Thursday, January 22, 2009

32- vs. 64-bit IDL on Mac OS X

IDL 7.0.4 was recently released, providing full 64-bit support for Mac OS X, and some users who have upgraded have asked how this impacts GPULib, as using the library when running IDL in 64-bit mode doesn't work.

Currently, in order to build 64-bit code using GCC on OS X, one needs to set an additional flag, depending on the architecture targeted. We don't do this at the moment for GPULib, so it defaults to building the more compatible 32-bit libraries. Full details at

Apple goes so far as to say, "You should transition your application to a 64-bit executable format only when the 64-bit environment offers a compelling advantage for your specific application." We haven't switched to using 64-bit libraries with GPULib on Mac OS X, since thus far there hasn't been a need. If you do need the extra address space using GPULib, please let us know! Otherwise, you can add the "-32" flag to IDL 7.0.4 and run IDL in 32-bit mode, which will be compatible with the current release of GPULib.

Tuesday, January 13, 2009

Performing a shift in IDL with GPULib

A couple of users recently asked about doing a shift of a matrix using GPULib. While there is no interface that mimics 'shift' at the moment, all the functionality for shifting arrays is there. For example, you can use the following to shift an array along the x-direction:

IDL> x = findgen(5, 5)
IDL> print, x
0.00000 1.00000 2.00000 3.00000 4.00000
5.00000 6.00000 7.00000 8.00000 9.00000
10.0000 11.0000 12.0000 13.0000 14.0000
15.0000 16.0000 17.0000 18.0000 19.0000
20.0000 21.0000 22.0000 23.0000 24.0000

IDL> a = gpuPutArr(x)
IDL> b = gpuFltarr(5, 5)

; here comes the actual shift:
; we first perform b[0:3, *] = a[1:*, *]
; see the documentation for 'gpuSubArr' for an
; explanation of the arguments.
IDL> gpuSubArr, a, [1, -1], -1, b, [0, 3], -1

; and then b[4, * ] = a[0,*]
IDL> gpuSubArr, a, 0, -1, b, 4, -1

IDL> res = gpuGetArr(b)
IDL> print, res

1.00000 2.00000 3.00000 4.00000 0.00000
6.00000 7.00000 8.00000 9.00000 5.00000
11.0000 12.0000 13.0000 14.0000 10.0000
16.0000 17.0000 18.0000 19.0000 15.0000
21.0000 22.0000 23.0000 24.0000 20.0000

Shifts in other directions can be implemented similarly. This is not the fastest possible shift, but at least it should allow you to perform the shift on the GPU, rather than transferring it back to the CPU.

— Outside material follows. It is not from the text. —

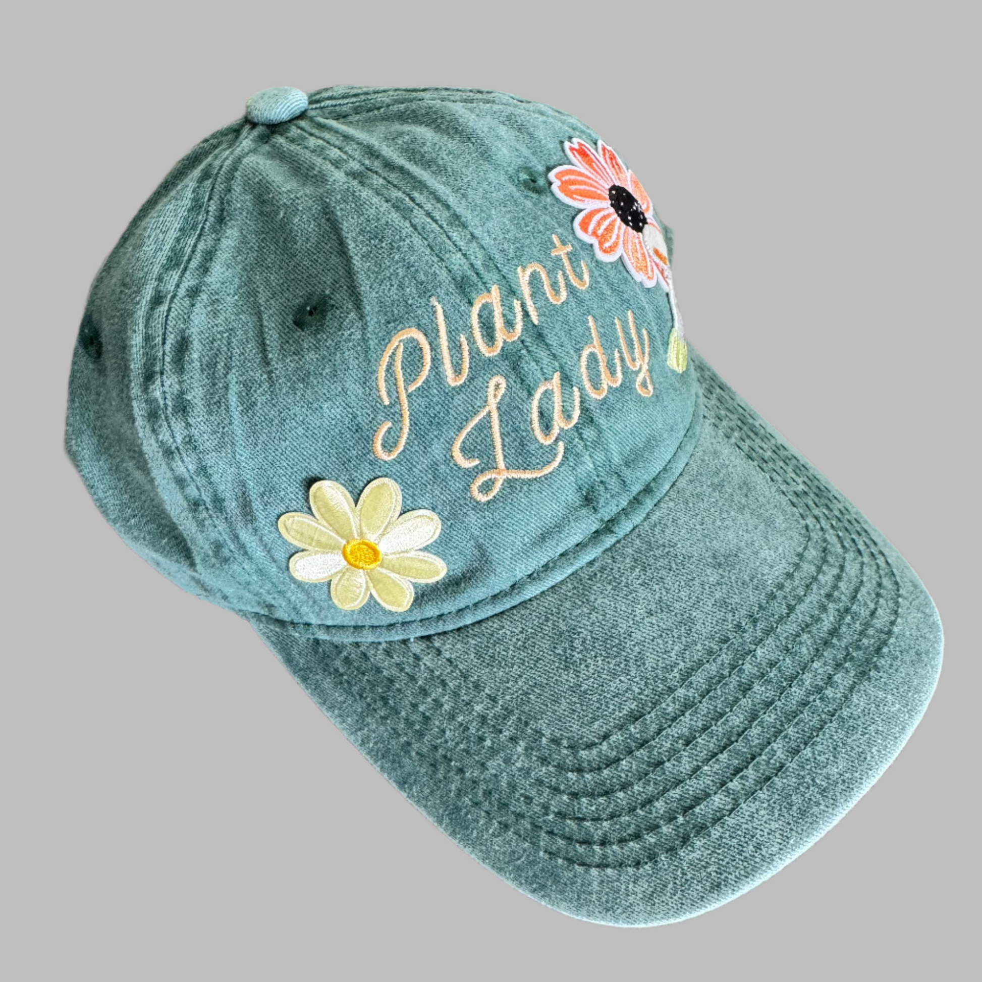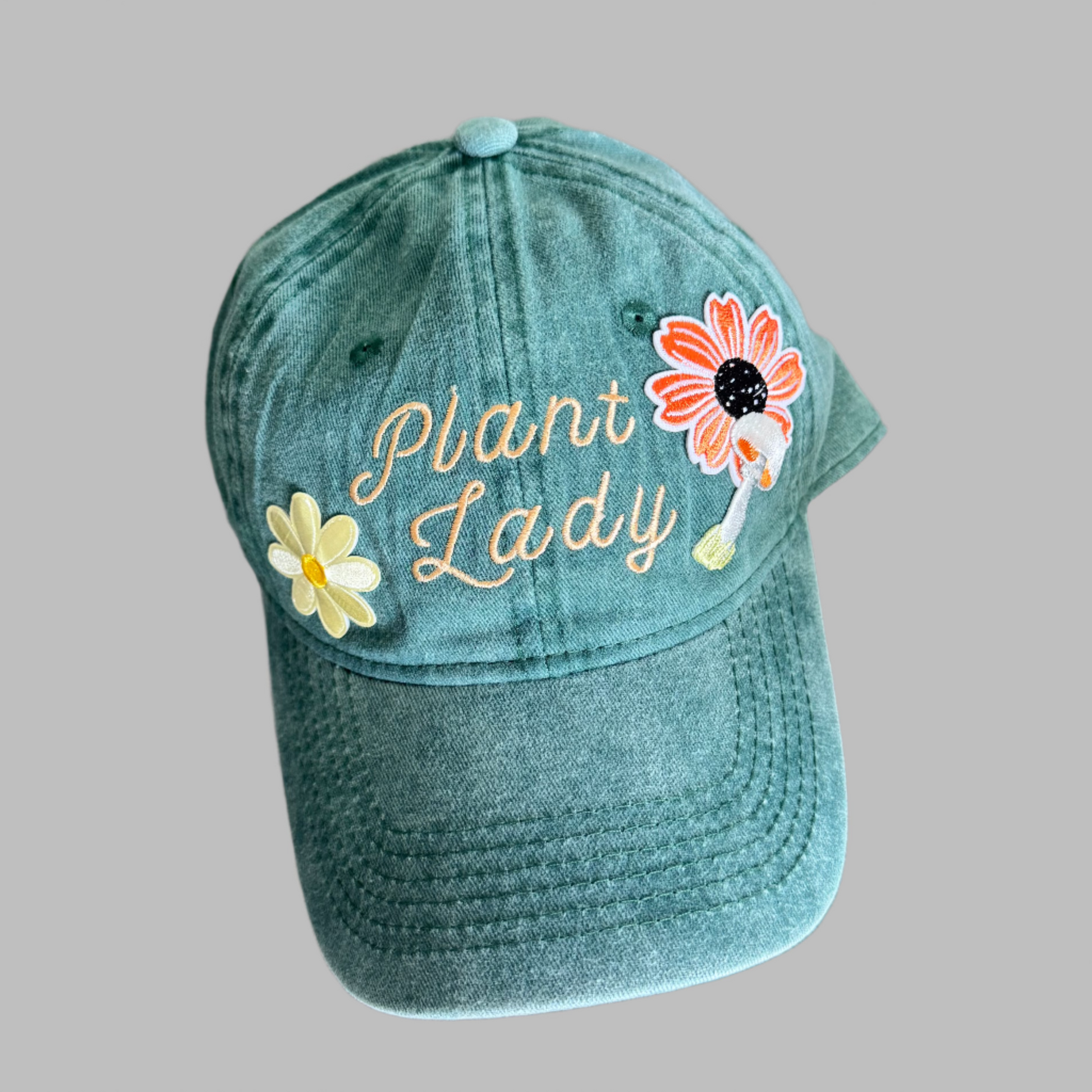 Where's all my green thumbs at? This darling green hat with embroidered "plant lady" adorned with flower and mushroom patches is PERFECT for you!

As always, if you have questions about this or any other use of GPULib, feel free to leave comments here, or email us at

Double precision and GPULib

A few users have asked about double precision calculations using GPULib. I thought I'd try to clear up some common questions.

First, you may notice when running the GPULib unit tests in IDL (using 'make check') that the double precision tests fail. There are two reasons for this. First, not all CUDA-enabled hardware is capable of double precision calculations -- currently, the GTX 200 series are the only cards that can do this; check the NVIDIA Web site for details on your specific card.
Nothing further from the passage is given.